志村 氏は最後に、Azure を活用した VoXT の可能性について、次のように話します。
「VoXT に "セルフ サービス" と "フル サービス" が揃うことで、書き起こし業務に従事される方に広く提供できるようになりました。今、ブログや SNS (Social Networking Service) を通じた個人からの情報発信が盛んになる一方で、書き込みの 1 次ソースとなる記者会見などの動画から、コメントを全文書き起こすサイトなどが人気を集めるようになっています。
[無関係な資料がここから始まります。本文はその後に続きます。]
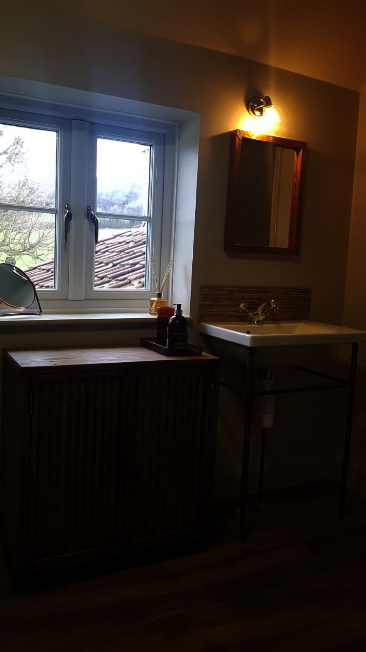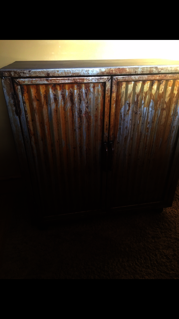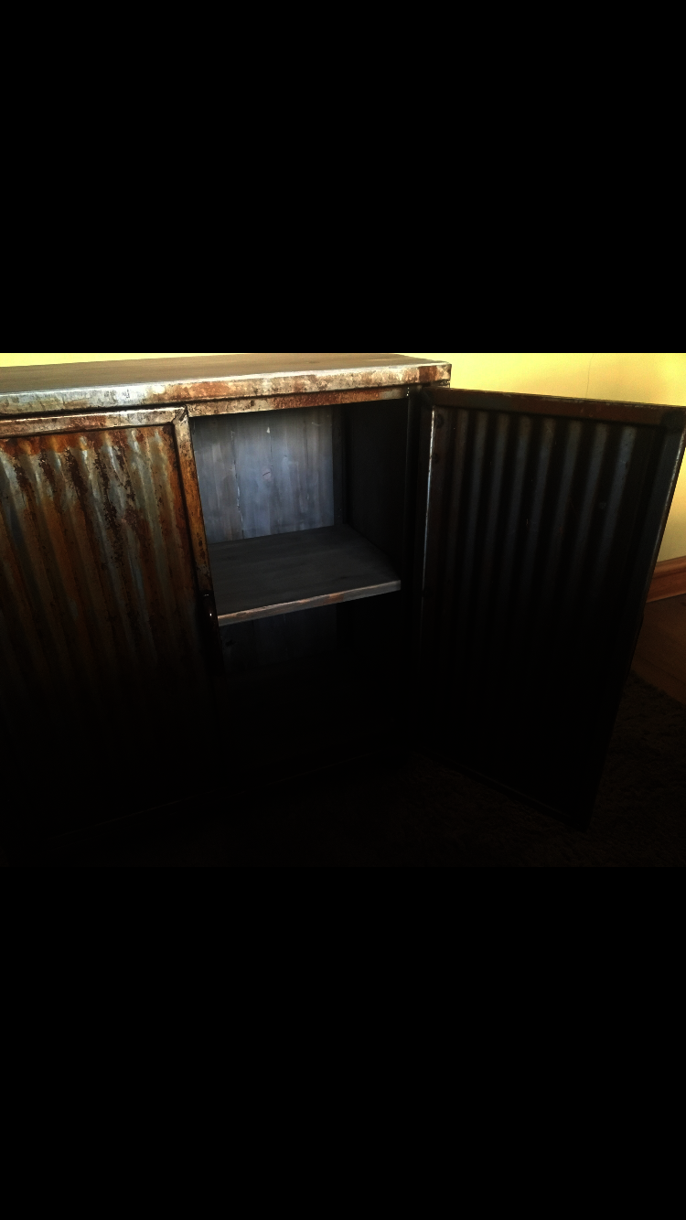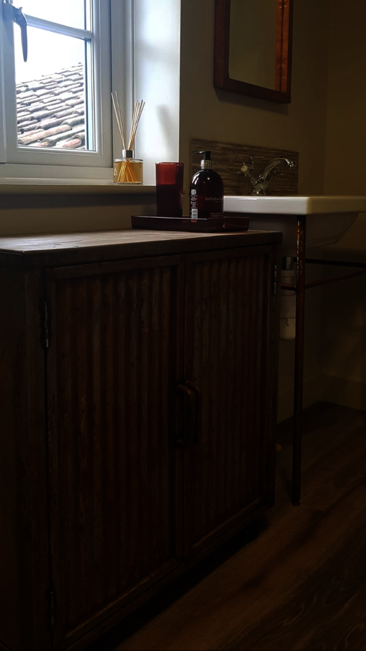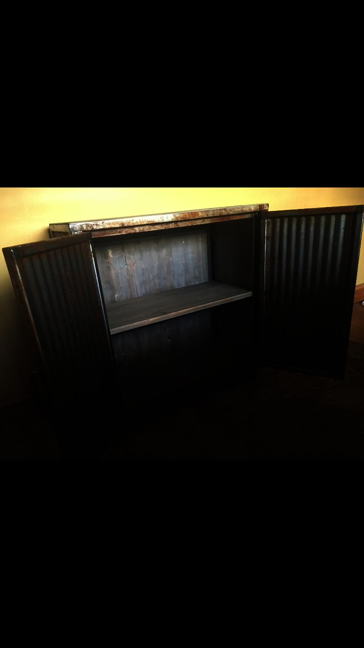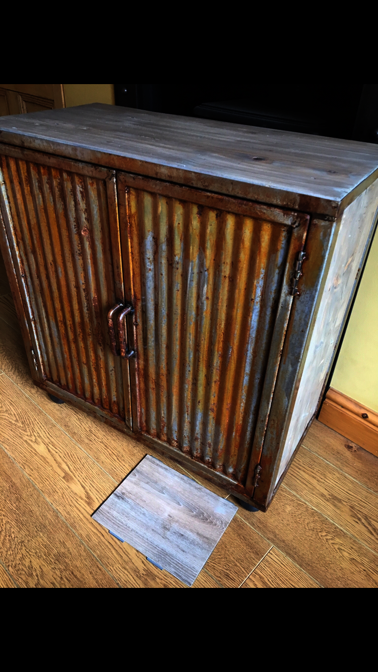 This cupboard was handcrafted from scratch. The doors were made with handmade corrugated metal and deliberately lightly rusted and then sealed using lacquer. The wood which was used was reclaimed, and coloured lime oak to match the customer's bathroom floor. The handmade metal framework brought it all together.
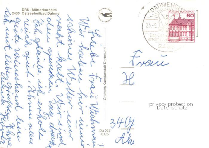 73026604 alte Postkarte Dahme Ostseebad DRK Muetterkurheim postalisch gelaufen Erhaltung siehe scans [KathaD81] KatCode: 11110001055010
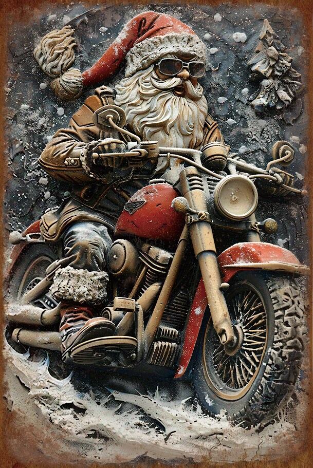 ヘルメット代わりにサンタ帽、サングラスに本革ジャケットと本気装備のサンタクロースが、雪道を走る迫力満点のブリキ看板です。
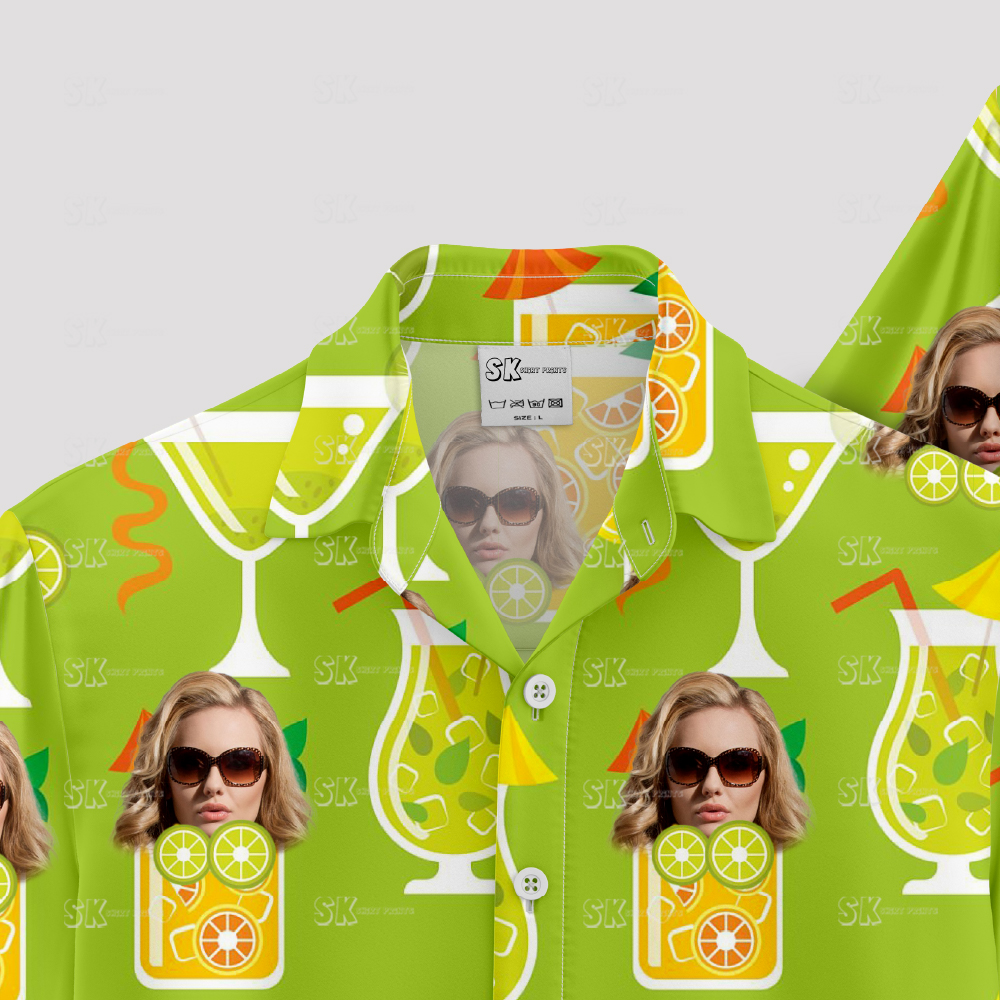 A green hawaiian shirt is more than just summer fun – it’s a way to stand out, show your style, and make lasting memories! Our personalized Hawaiian shirts are printed with YOUR photos and finished with a cheerful cocktail, sunglasses, and tropical drinks pattern. Imagine bringing laughter to your next BBQ, birthday, or family trip with a shirt that shows faces you love.
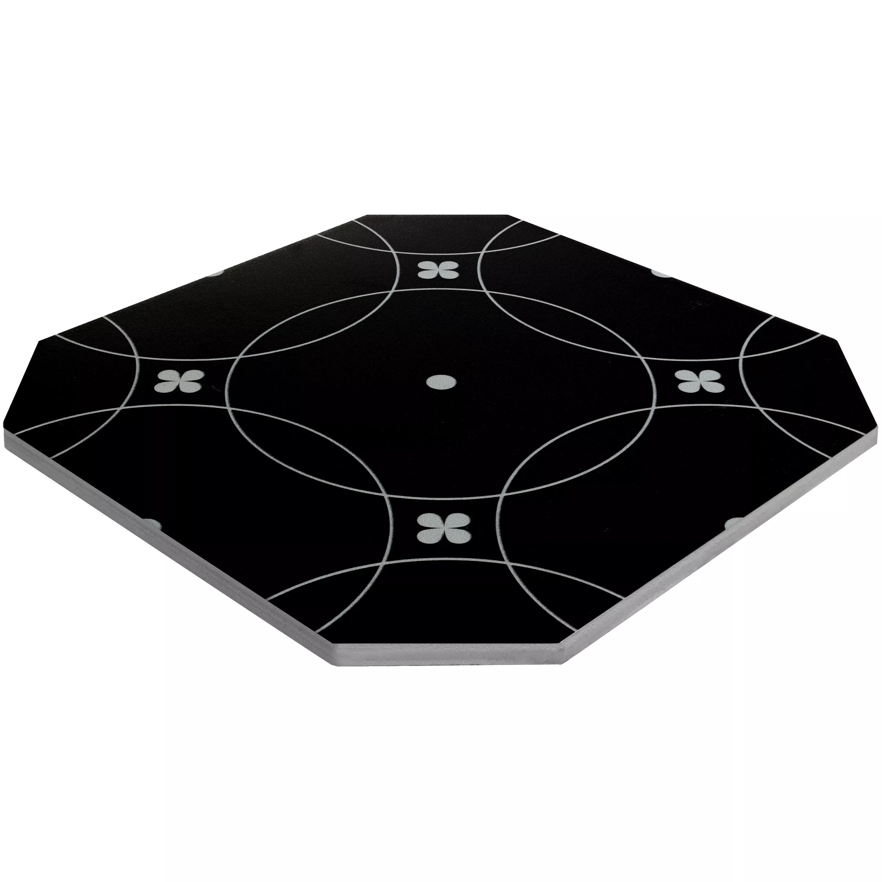 Apportez du rétro chic dans votre intérieur avec le carrelage en grès cérame Genexia Black White Decor 1 Octagon.
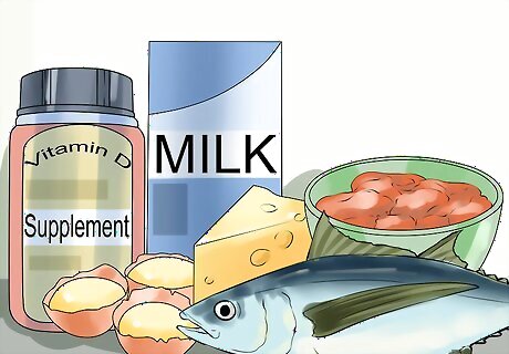 Protect your bones by consuming more vitamin D. Along with calcium, vitamin D is the most vital nutrient for bone health. Adults should consume between 600 and 800 international units (IUs) of vitamin D daily. Vitamin D can be consumed through vitamin supplements (available at your local health food store). Vitamin D is also found in fortified dairy products (along with calcium) and egg yolks, as well as fish and liver. If you’re concerned about your overall bone health or bone strength, or are worried that you may be suffering from osteoporosis, ask your doctor for a bone density screening. This procedure can remove the uncertainty of not knowing whether your bones are strong and healthy.

長時間の動画を視聴するよりも、書き起こしを読んだ方が早いですからね。こうしたコンテンツの作成も、VoXT を活用いただければ、より簡単になるでしょう。また、長文のブログ エントリーも、マイクに向かって話すだけで、テキスト化できます。最新の音声認識より多くの人に活用していただき、さまざまな記事作成を効率化していただけるとうれしいですね」。